Flavonoids are major secondary metabolites with multifunctional bioactivities and they are widely distributed in various parts of the plants. They are structurally diverse metabolites, and more than 10,000 structures have been reported. Flavonoids performed a variety of physiological and biological functions and mainly act as an antioxidant to prevent damage from the ROS generated during stress conditions. The plethora of functions of flavonoids is due to their locations in different cells and sub-cellular compartments, as well as their diversified chemical structures. Flavonoids are induced by various stresses such as abiotic and biotic stresses, and in turn prevent the oxidative damage caused by these stresses in plants. Moreover, as compared with other antioxidants such as ascorbate and tocopherols, the antioxidant role of flavonoids in plants has been less studied.
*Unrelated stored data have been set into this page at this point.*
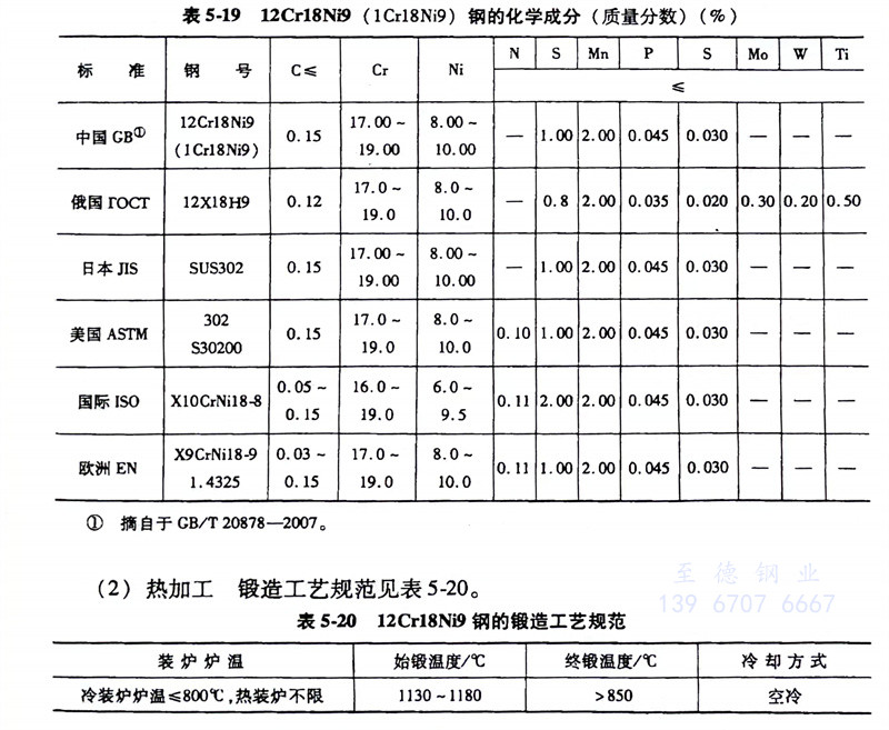 (2)熱(re)加工: 12Cr18Ni9、1Cr18Ni9、1.4325、302不銹鋼鍛造工藝規范見表5-20。
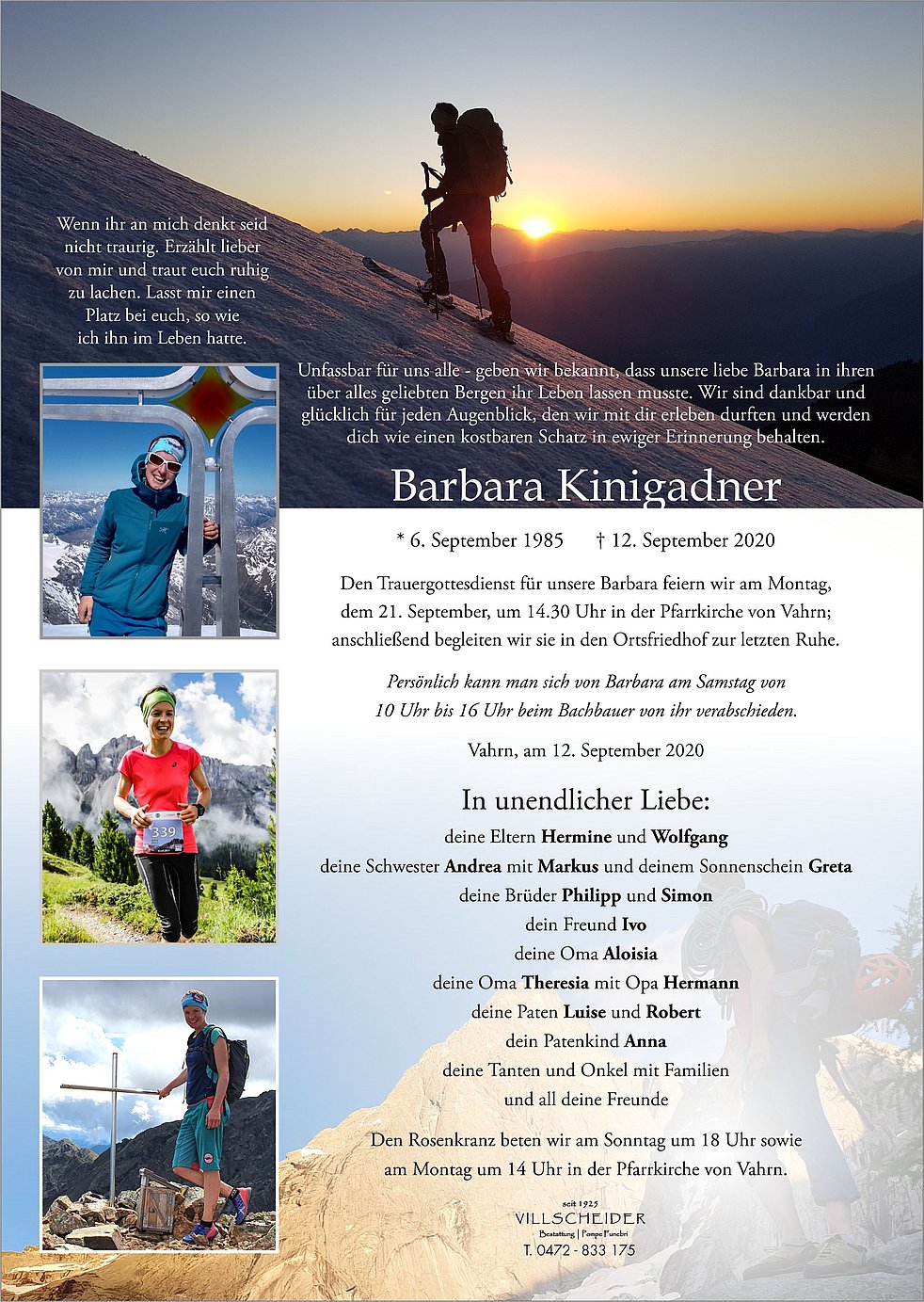 Liebe Barbara, 2 Jahre sind schon vergangen seit deinem tragischen Bergunfall. Unsere Trauer wandelt sich ganz langsam in Dankbarkeit um. Du warst ein Geschenk des Himmels für uns. Du hast mit deinem Herzen gehört und hast es auch sprechen lassen. Du hast mit deinen Augen gesehen, was oft übersehen wird. Du hast deine Freunde angenommen, so wie sie sind. Du hattest nimmermüde Hände,wenn es galt helfend zur Seite zu stehen. Du warst wie eine Perle, ein Schatz: äußerlich unscheinbar, aber im Innern von großem Wert. Wir danken dir dafür.Wir behalten dich für immer in unseren Herzen.
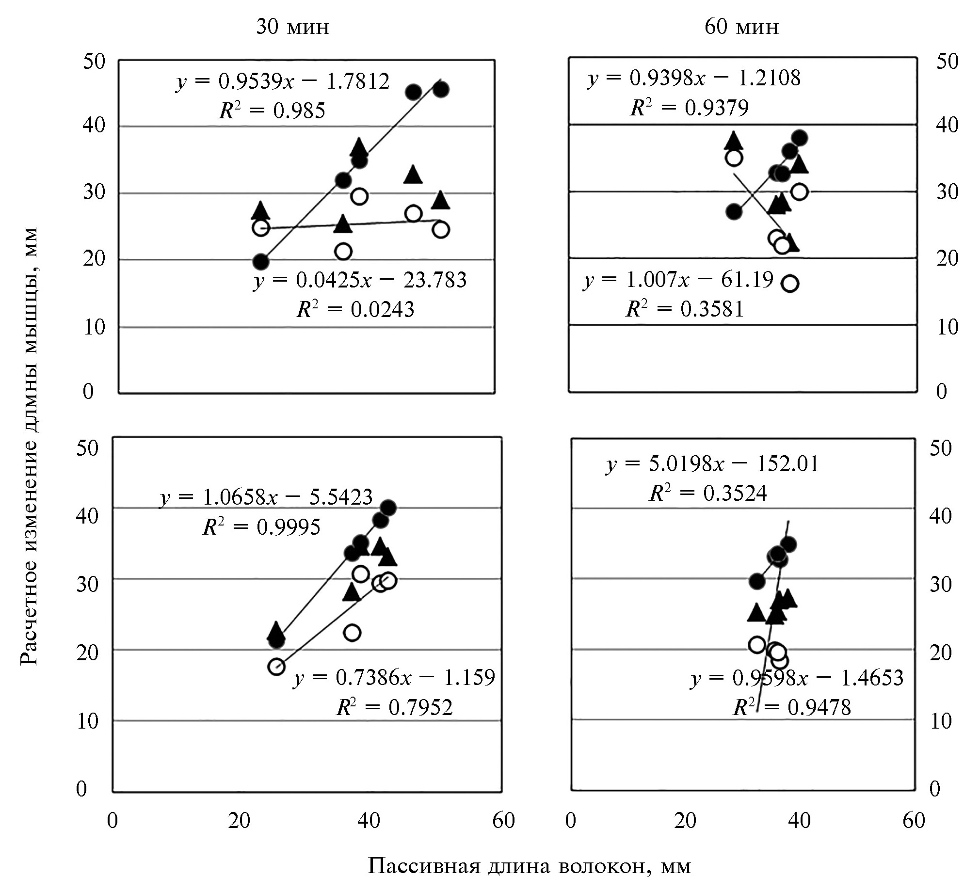 Взаимосвязь между длиной волокон в пассивном состоянии и предполагаемым изменением длины мышц для МИМ (нейтральное положение голеностопного сустава) до и после 7-недельной немодулированной низкочастотной электростимуляционной “тренировки” для 1 группы (30 мин) и 2 группы (60 мин) испытуемых.
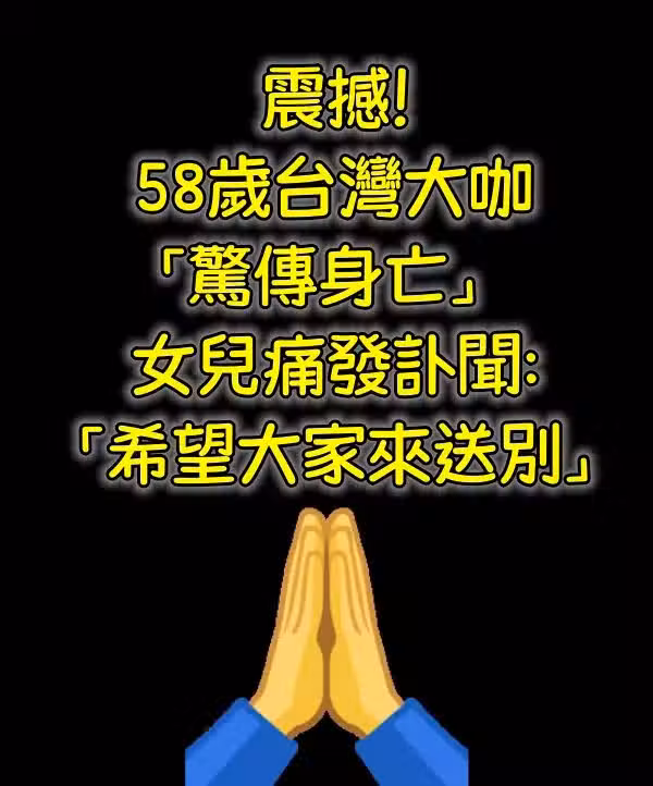 震撼!58歲台灣大咖「驚傳身亡」 女兒痛發訃聞:「希望大家來送別」

Detailed studies should be carried out to explore the relevance of stress-induced flavonoids in an in planta environment. Several studies have indicated the antioxidant, antiproliferative, antitumor, anti-inflammatory and proapoptotic activities of flavonoids in animal systems. Most of the studies emphasized the antioxidant role of flavonoids against various stresses in plants. The interaction of flavonoids with the cellular signaling systems and their molecular targets remains elusive. Moreover, detailed molecular studies investigating the mechanisms behind the roles of flavonoids in response to biotic and abiotic stresses in plants should be carried out in order to uncover the potential usefulness of these compounds.